ABOUT THIS EXERCISE — Would you please repeat exactly the entries below, starting at the line with "Important:Make sure that" and ending at the line with "Dzień Kropki to", and nothing outside that range? Leave out the pictures.

MATERIAL SHOWN —
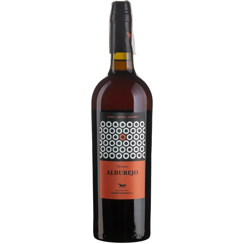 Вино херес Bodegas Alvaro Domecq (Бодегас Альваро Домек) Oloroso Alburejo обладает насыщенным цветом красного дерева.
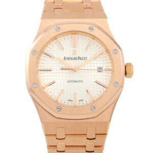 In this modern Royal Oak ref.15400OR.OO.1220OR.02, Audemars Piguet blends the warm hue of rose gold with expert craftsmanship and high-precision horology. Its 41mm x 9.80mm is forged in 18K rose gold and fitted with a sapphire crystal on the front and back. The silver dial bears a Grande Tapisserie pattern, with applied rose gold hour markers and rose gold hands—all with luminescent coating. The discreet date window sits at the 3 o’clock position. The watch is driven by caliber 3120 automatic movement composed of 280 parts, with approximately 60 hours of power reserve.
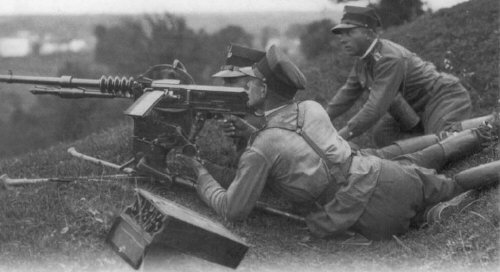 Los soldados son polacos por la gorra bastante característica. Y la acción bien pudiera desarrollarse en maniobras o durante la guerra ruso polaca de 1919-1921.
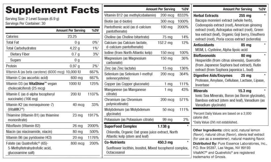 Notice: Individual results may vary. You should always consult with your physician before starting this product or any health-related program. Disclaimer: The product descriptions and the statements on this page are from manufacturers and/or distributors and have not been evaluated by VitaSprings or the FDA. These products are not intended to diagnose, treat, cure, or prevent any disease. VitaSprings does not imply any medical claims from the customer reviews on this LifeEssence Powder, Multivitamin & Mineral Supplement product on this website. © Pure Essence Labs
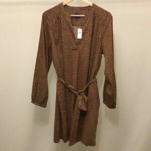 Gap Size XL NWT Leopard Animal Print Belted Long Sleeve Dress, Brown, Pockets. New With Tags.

---

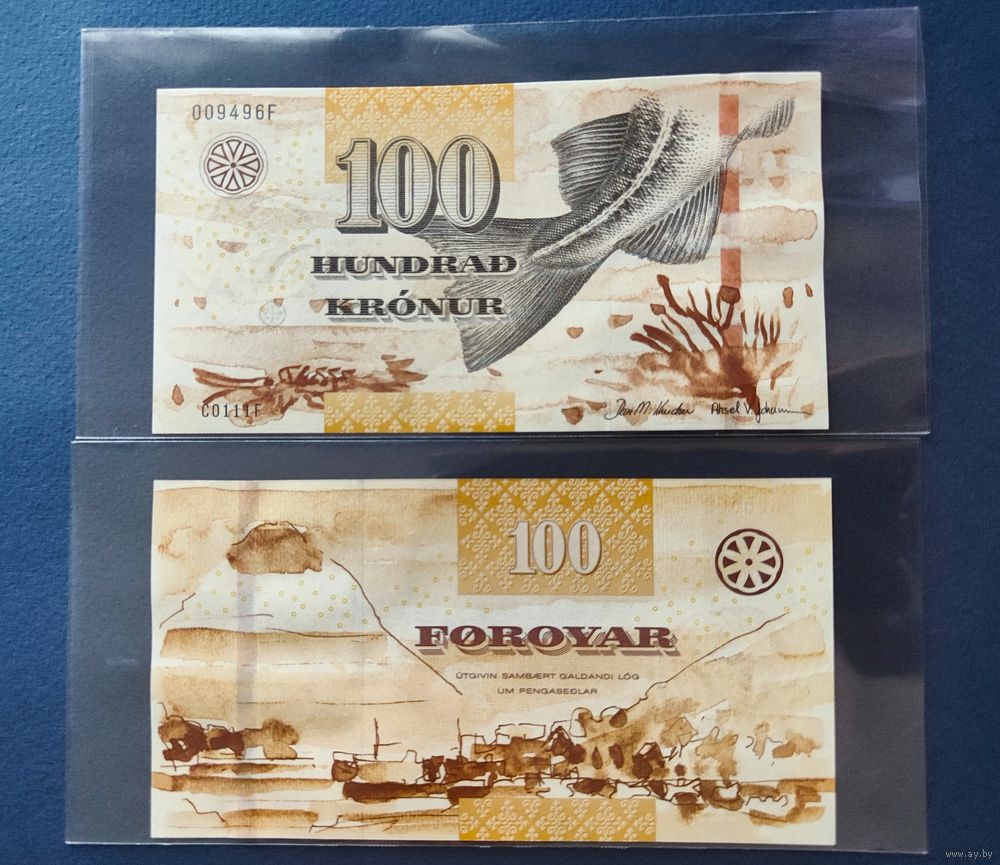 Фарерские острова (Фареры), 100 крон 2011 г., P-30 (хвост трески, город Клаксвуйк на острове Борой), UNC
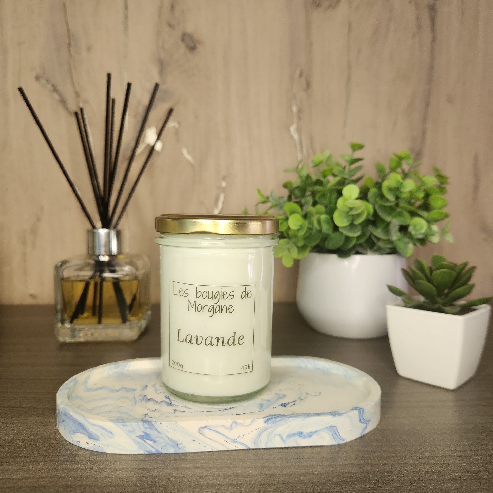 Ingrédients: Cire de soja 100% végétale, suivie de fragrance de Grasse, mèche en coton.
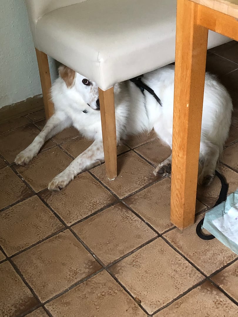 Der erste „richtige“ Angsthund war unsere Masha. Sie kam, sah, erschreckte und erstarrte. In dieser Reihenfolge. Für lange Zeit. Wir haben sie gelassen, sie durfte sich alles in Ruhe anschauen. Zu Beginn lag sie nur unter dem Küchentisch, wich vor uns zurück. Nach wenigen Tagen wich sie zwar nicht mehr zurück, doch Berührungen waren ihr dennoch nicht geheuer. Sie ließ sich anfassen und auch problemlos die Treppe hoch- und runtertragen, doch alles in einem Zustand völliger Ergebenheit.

--

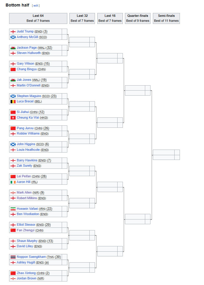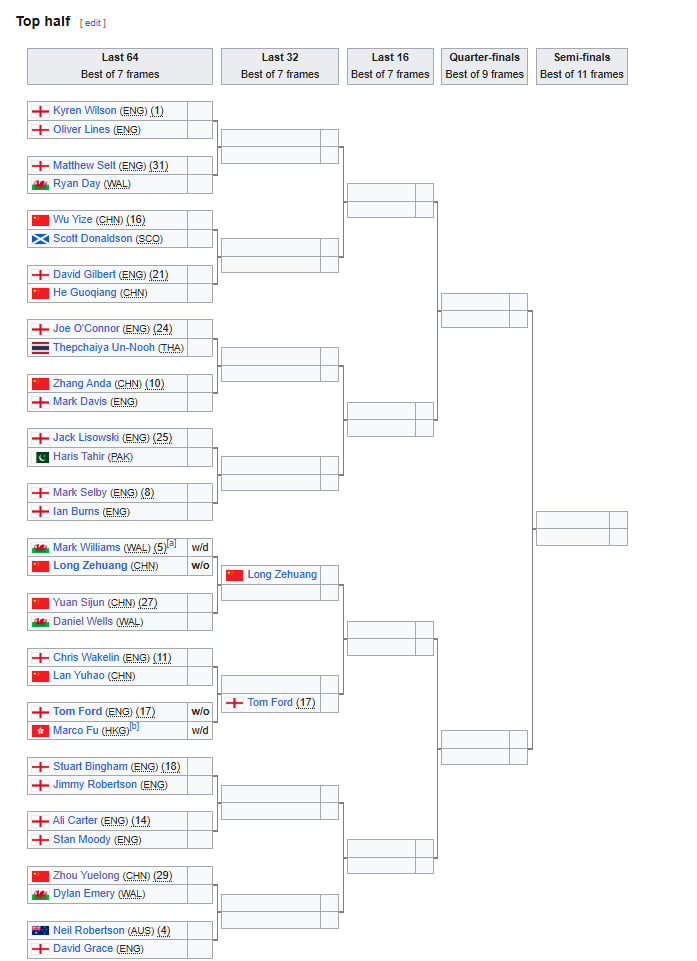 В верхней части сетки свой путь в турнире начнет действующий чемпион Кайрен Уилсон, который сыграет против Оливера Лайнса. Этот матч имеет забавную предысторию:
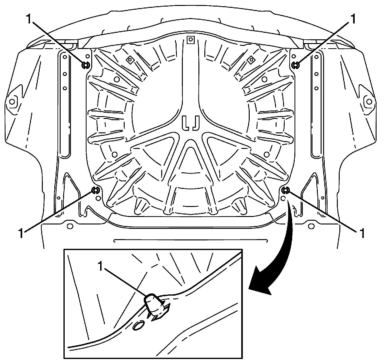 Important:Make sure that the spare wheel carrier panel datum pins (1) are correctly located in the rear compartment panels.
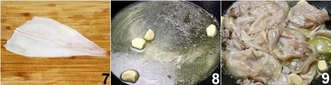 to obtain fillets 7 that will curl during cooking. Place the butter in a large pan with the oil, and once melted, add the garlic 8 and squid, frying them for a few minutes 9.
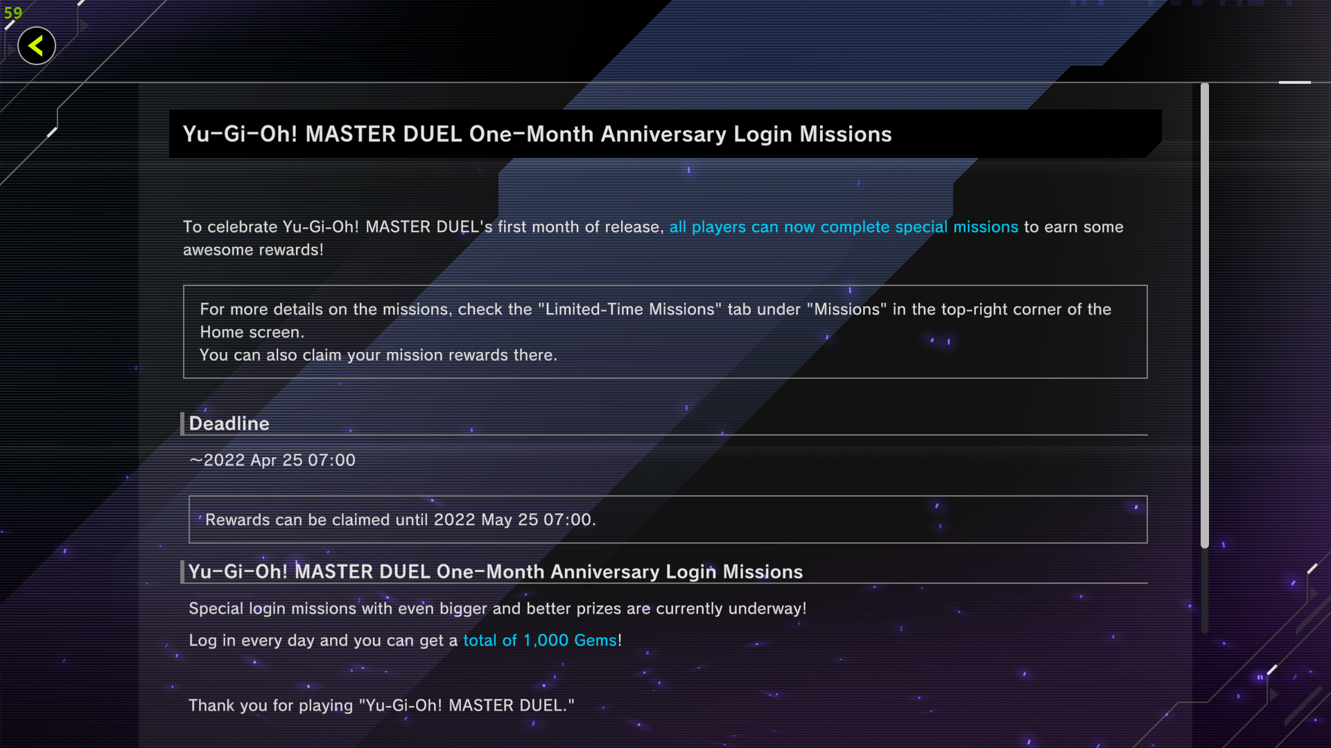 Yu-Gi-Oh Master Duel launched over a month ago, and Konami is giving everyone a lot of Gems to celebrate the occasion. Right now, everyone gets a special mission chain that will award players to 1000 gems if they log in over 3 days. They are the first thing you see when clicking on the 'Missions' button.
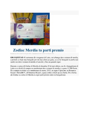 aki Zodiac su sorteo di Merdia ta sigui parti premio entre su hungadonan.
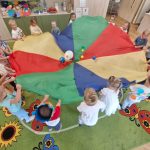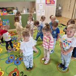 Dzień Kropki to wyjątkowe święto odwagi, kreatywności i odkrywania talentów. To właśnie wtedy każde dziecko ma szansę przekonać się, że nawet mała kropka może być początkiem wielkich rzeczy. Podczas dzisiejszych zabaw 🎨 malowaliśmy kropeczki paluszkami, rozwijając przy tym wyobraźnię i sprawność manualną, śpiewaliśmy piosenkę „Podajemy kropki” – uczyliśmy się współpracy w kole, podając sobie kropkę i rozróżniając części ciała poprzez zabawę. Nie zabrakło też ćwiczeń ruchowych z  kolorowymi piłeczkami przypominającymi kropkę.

ANSWER BELOW —
 Important:Make sure that the spare wheel carrier panel datum pins (1) are correctly located in the rear compartment panels.
 to obtain fillets 7 that will curl during cooking. Place the butter in a large pan with the oil, and once melted, add the garlic 8 and squid, frying them for a few minutes 9.
 Yu-Gi-Oh Master Duel launched over a month ago, and Konami is giving everyone a lot of Gems to celebrate the occasion. Right now, everyone gets a special mission chain that will award players to 1000 gems if they log in over 3 days. They are the first thing you see when clicking on the 'Missions' button.
 aki Zodiac su sorteo di Merdia ta sigui parti premio entre su hungadonan.
 Dzień Kropki to wyjątkowe święto odwagi, kreatywności i odkrywania talentów. To właśnie wtedy każde dziecko ma szansę przekonać się, że nawet mała kropka może być początkiem wielkich rzeczy. Podczas dzisiejszych zabaw 🎨 malowaliśmy kropeczki paluszkami, rozwijając przy tym wyobraźnię i sprawność manualną, śpiewaliśmy piosenkę „Podajemy kropki” – uczyliśmy się współpracy w kole, podając sobie kropkę i rozróżniając części ciała poprzez zabawę. Nie zabrakło też ćwiczeń ruchowych z  kolorowymi piłeczkami przypominającymi kropkę.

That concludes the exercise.